2.7. Evaluation Metrics

The classification performance of the different machine learning models in the testing stage was compared based on the scores of (a) accuracy (ratio of correct predictions to total number of predictions), (b) F1 score (2*((precision*recall)/(precision+recall))) and (c) area under the receiver operating characteristic (ROC) curve.

2.8. Statistical Analysis

Statistical tests were performed to compare the performance of the machine learning models. One-way Analysis of Variance (ANOVA) test (in RStudio (version 4.1.1)) was used for this comparison based on the evaluation matrices for a statistical significance level of p-value<0.05. Tukey's HSD (honestly significant difference) post-hoc test was used for pair-wise analysis of these models with p-values adjusted for multiple comparisons using the Bonferroni method.

3. Results

3.1. Feature Selection and Comparison

Based on the results of the Mann-Whitney U test comparing the benign and malignant classes, the feature set was narrowed down to 86 that were statistically significant at p ≤0.05. Nine out of these 86 features were identified as the most important by RFE, and included ADC, ratios of FAT21, FAT23, CP (1.4-0.9), CP (2.1-1.4), CP (4.3-4.1) and TGF upper with respect to FAT14, FMETD ratio with respect to WAT47 (1D) and the ratio of FAT21 with respect to FAT54 (1D). The boxplots of these most significant features are shown in Figure 2a for both malignant and benign classes. The values were z-score normalized. Figure 2b shows the correlation heatmap of these features.

3.2. Comparison of Models

Comparative performance of linear SVM, DT-based bagging classifier, random forest, AdaBoost, GradientBoost, XGBoost and CatBoost are shown in Figure 3, Figure 4 and Figure 5. These models were the best performing out of all the models considered in terms of performance metrics. Figure 3 shows the AUC, F1 score, and accuracy of these seven classifiers in the testing stage repeated 100 times with randomized dataset split and model initializations, and Figure 4 shows these scores in the cross-validation stage repeated 50 times. The respective box plots show the median and interquartile range (IQR) of these matrices, along with outliers. Their corresponding mean and standard deviation are listed in Table 2. ROC curves of these different models are shown in Figure 5.

The results of Tukey's HSD post-hoc test following the ANOVA with p-values adjusted for multiple comparisons are shown in Table 3. It shows that the difference between the ensemble models XGboost, GradientBoost, CatBoost and RandonForest were not statistically significant in terms of Accuracy, AUC and F1 scores for the significance at p≤0.05. The feature importance and confusion matrix identified for these four classifiers are shown in Figure 6 and Figure 7, respectively.

3.3. Ablation Study

An ablation study was performed with choline, glycine + myo-Inositol, unsaturation index, and the features from non-water suppressed 1D spectra including water fraction, fat fraction and water-fat ratios. The model performance was also compared with and without ADC in the feature list. While the changes observed in the mean accuracy score over 100 repetitions were less than 1%, the change was positive in the presence of ADC (0.02%), while it was marginally negative in the presence of the additional metabolite ratios (<-0.009%). Boxplots comparing the performance matrices of the ablation study are shown in Figure 8.

4. Discussion

This study showed the feasibility of using metabolite ratios from 5D EP-COSI and ADC values from the DWI data of breast cancer patients to train machine learning models for classifying benign and malignant lesions. While earlier studies have attempted to use lesion characterization using features extracted from the DWI and DCE-MRI data, these models did not use the quantitative measures of metabolite and lipid features which can be obtained with an MRSI examination (48-50). Although variations in water and fat levels can become ambiguous in glandular regions, especially in benign and healthy tissues, various lipid and metabolite ratios are reported to have statistically significant difference between the benign and malignant lesions (42). Building on this fact, our study pursued a detailed analysis of lesion characterization using 5D EP-COSI features in a machine learning framework.

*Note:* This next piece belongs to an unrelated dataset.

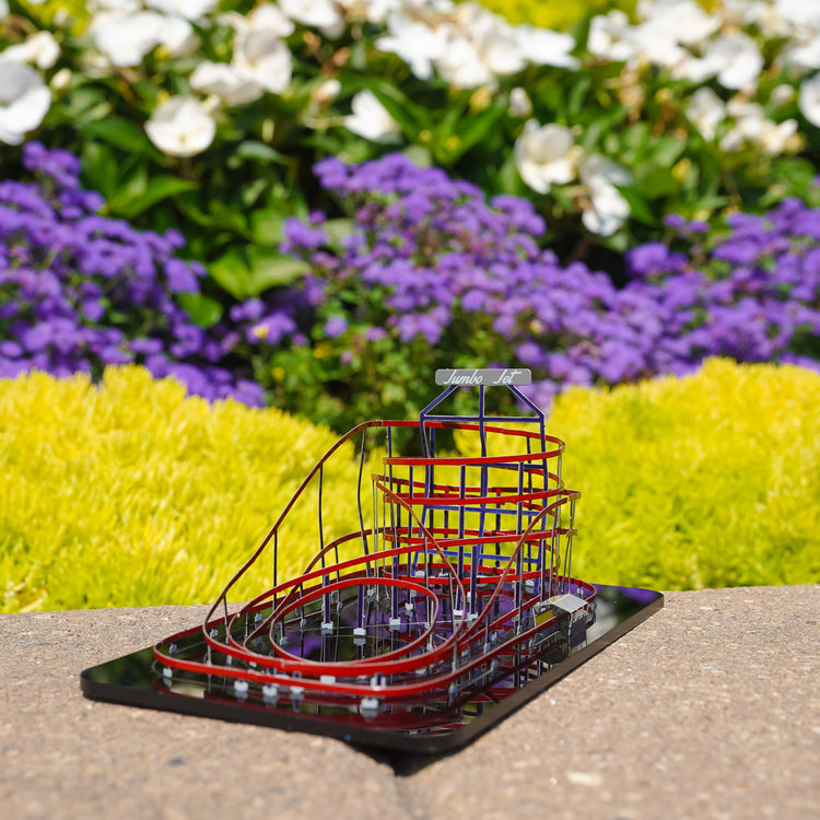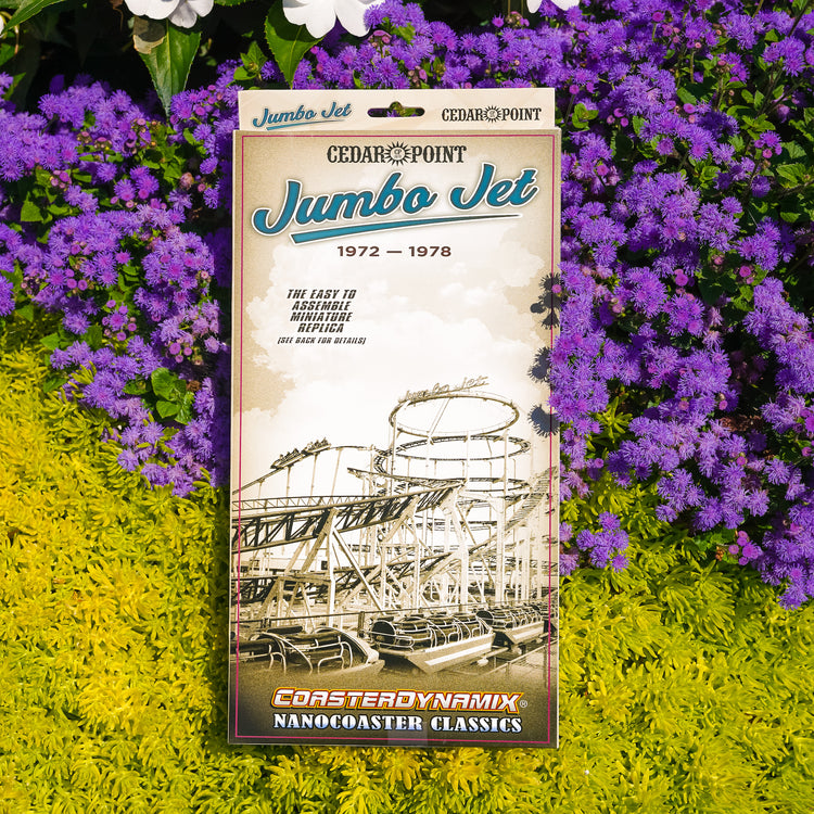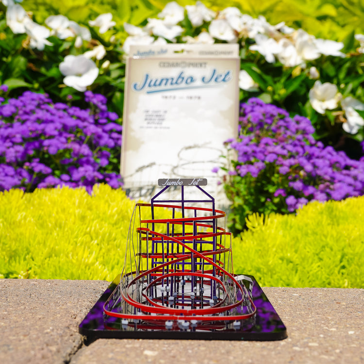 Jumbo Jet Metal Coaster Model Kit (All items included). Jumbo Jet was a steel coaster that operated from 1972 to 1978. It was one of the first coasters in the world to utilize an electric spiral lift mechanism.

The ensemble models were found to be performing better than the individual models. This is as expected, since they combine the strengths of multiple individual models (45). In fact, the ensemble models can use multiple base models to learn different aspects of the data and hence learn more complex relationships between the variables. They are also more robust to outliers and are also expected to reduce overfitting since they can compensate for the prediction errors of individual models. XGBoost, GradientBoost, RandomForest and CatBoost were found to be the best performing ensemble models in this study with 92% to 95% AUC, 85% to 87% accuracy and 87% to 90% F1 scores.

While the feature importance scores slightly varied among the top performing models, ADC was ranked among the top six. Four out of the top nine features were the ratios of cross-peaks, which are specific to the 2D COSY technique. The remaining four main features were the ratios of diagonal lipid peaks. It is interesting to note that the ratios of lipid cross peaks ranked higher than some of the conventional biomarkers like Cho and mI+Gly ratios for classifying benign and malignant lesions in the ML framework, despite both Cho and mI+Gly ratios being in the list of statistically significant variables in the MWU tests. The RFE process to select the significant features used XGBoost as the base model since it was one of the best-performing models based on all the variables from MWU tests. Therefore, it is to be noted that the top features were determined by their contribution in reducing loss function in the decision trees.

The number of datasets is one of the limitations in this study. Even though we have multiple voxels from the same dataset giving metabolite and lipid ratios, it is important to split the data based on the actual number of subjects rather than the voxels. It would be tempting to consider the individual voxels as separate data when splitting the training and testing sets. However, this approach could lead to severe data leakage, since multiple voxels from the same subject can have similar statistics, especially when interpolation is used to increase the number of voxels. Even otherwise, if the lesion spans multiple voxels in the spectroscopic data, the relatively low resolution and partial volume effects can potentially cause slightly overlapping information between the neighboring voxels. Therefore, if the train-test split is performed based on the voxels rather than individual subjects, it is reasonable to assume that during the training stage, the model would already see some of the statistics present in the testing data. This will artificially increase the score of test and validation performance matrices, but will not be generalizable to a new subject.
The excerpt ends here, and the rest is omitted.